Eydon Hall is a Palladian stately home near the village of Eydon, in Northamptonshire. It is a Grade I listed building, and is currently in use as a private residence.

==Architecture==

The house, built of ironstone, remains broadly as it was originally designed, with nine bedrooms and four major reception rooms across two main floors. The top floor, with servants' quarters, is hidden from view by balustrades around the side of the roof, and there is a large basement. The house has a number of unusual features, perhaps the most interesting being that the large portico traditional on such houses is placed at the rear, not the front. Each of the four facades are designed differently, with the west facade having a large semi-circular bow in it to contain an oval drawing room.

==History==

The site was originally occupied by Eydon Lodge, which was acquired in 1788 for £6,600 by the Reverend Francis Annesley. He demolished the existing building, and employed James Lewis to create the replacement, completed in 1789.

Eydon Hall was later owned by Colonel Henry Cartwright, member of parliament for South Northamptonshire from 1858 to 1868, who died there in 1890. In 1913 it was taken by Lady Fermor-Hesketh and after that purchased in 1923 by David Margesson. By 1927 it was occupied by W. G. Waldron, and in 1929 was again announced for sale.

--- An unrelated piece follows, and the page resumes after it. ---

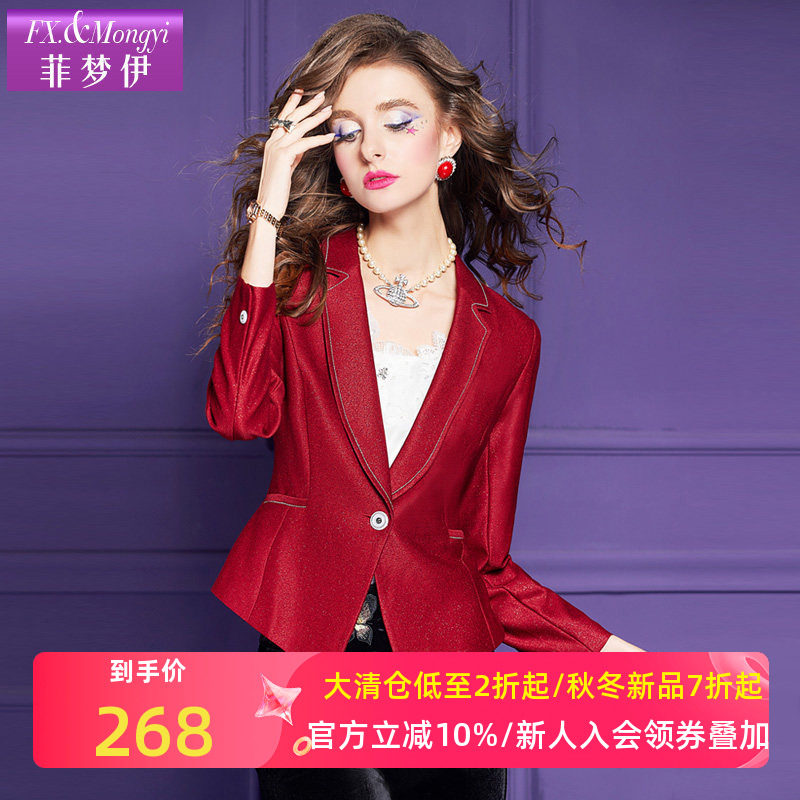 菲梦伊红色西装外套女短款秋季新款高级感时尚简约修身气质OL上衣

The buyer was Robert Brand (later Lord Brand); the house passed to his daughter on his death in 1963. In 1982 it returned to the market, and was eventually purchased by the Thoroughbred racehorse owner/breeder Gerald W. Leigh. After his death, when his widow chose to sell the estate, it returned to the market in 2004 with an estimated price of around £11m. Much to the surprise of the property industry, it sold within two months to video game developer Chris Stamper for £17m.